Hedges calls that tradeoff rationale “dehumanization.” That argument carries a lot less weight when one asks what exactly it means to “dehumanize” someone, and whether “dehumanization” is a cause of violence, a rationalization for violence, or a psychological construction imposed on the perpetrators of violence by those who disagree with their methods. The argument becomes even more problematic if one sees “dehumanization” as a continuum upon which nearly all human activity falls, rather than a binary state, where people are either “humanized” or “dehumanized.” For instance, couldn’t it be a mild form of “dehumanization” to call a thinking adult with whom one disagrees simplistic, ignorant, and childish?
Hedges says he rejects “simplistic and utopian visions.” So does every atheist I have ever met or read.
Thanks for this post. I read PZ Myers post on the article and had a small debate on Ed’s blog about this guy.
Ed bought the book so I’m going to borrow it and try to read it but I have a feeling it’ll be hard to get through.
And I felt the same way. For a guy who’s decrying these people as unhinged fundamentalists, he sure seems pretty fundamentally unhinged.
I think it’s odd that he names them “New.” I didn’t think atheism changed all that much to be quantified “old” from “new.” I haven’t read his article but based on what is said here, his book seems hyper-defensive.
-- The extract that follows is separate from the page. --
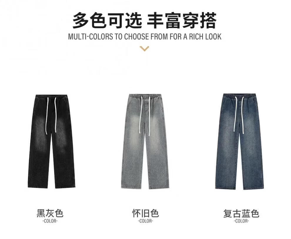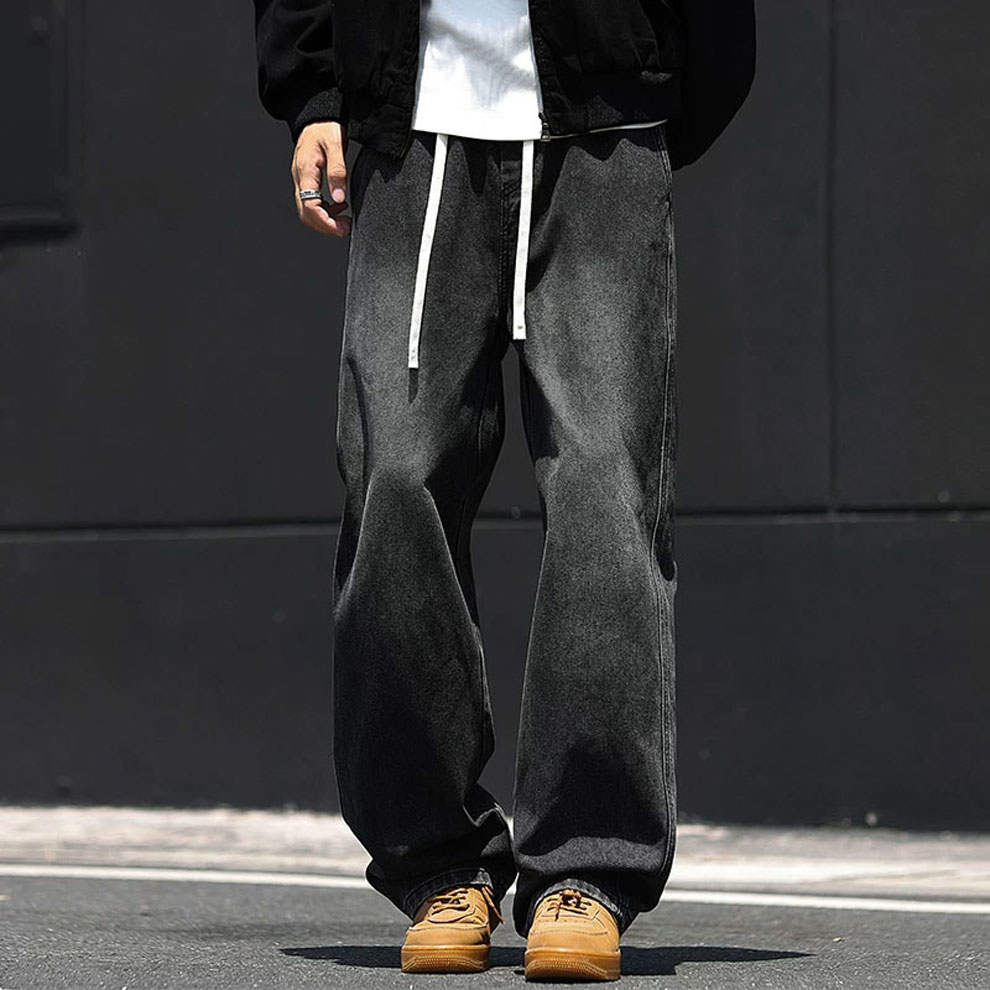 Woodpecker American high street casual jeans for men 2026 spring and autumn new fashion brand versatile wear-resistant straight wide-leg long pants black gray autumn new XL

Reminds me of some religious people I know who cannot stand to have their beliefs challenged in any form.
I’m familiar with the trade-off rationale, humans do that in many different situations and I agree with the basic idea. I wonder, though, whether religious fundamentalists would actually stop at the acceptable (obviously a subjective meaning) trade-off level so the longer conflict would end. In my opinion, it seems inherent within fundamental religions that conflict with the “outside” world is vital to the basic belief system of said religions.
Hedges did not invent the term “new atheist” or “new atheism.” That’s something that people have come up with in the wake of all the recent books by Dawkins, Dennett, Harris, and Hitchens.
That atheists have made the mainstream, are writing bestselling books, are attracting attention, and are demanding both recognition and understanding is, apparently, “new.”
In my opinion, though, the “new atheist” and “new atheism” monikers are bandied mostly by people who mean to say two things: (1) these atheists aren’t saying anything new, so don’t pay any attention to them (i.e., I think it’s kind of a sarcastic label, in some sense); and (2) these atheists are just no-god fundamentalists, so don’t pay any attention to them, because we all know that fundamentalists of any kind are bad (i.e., I think it’s also kind of a dismissive label).
The reason I have that impression is that every single article I’ve read that refers to “new atheists” or “new atheism” does so in a dismissive and derogatory way. Their arguments almost always come down to the same two things that Hedges “offers”: (1) pointing and whining and expecting everyone else to agree; and (2) grossly misrepresenting what atheists are about.
It’s pretty standard stuff in the realm of religion. Any time somebody comes along with ideas that challenge a dominant religious perspective, that’s what the dominant people do.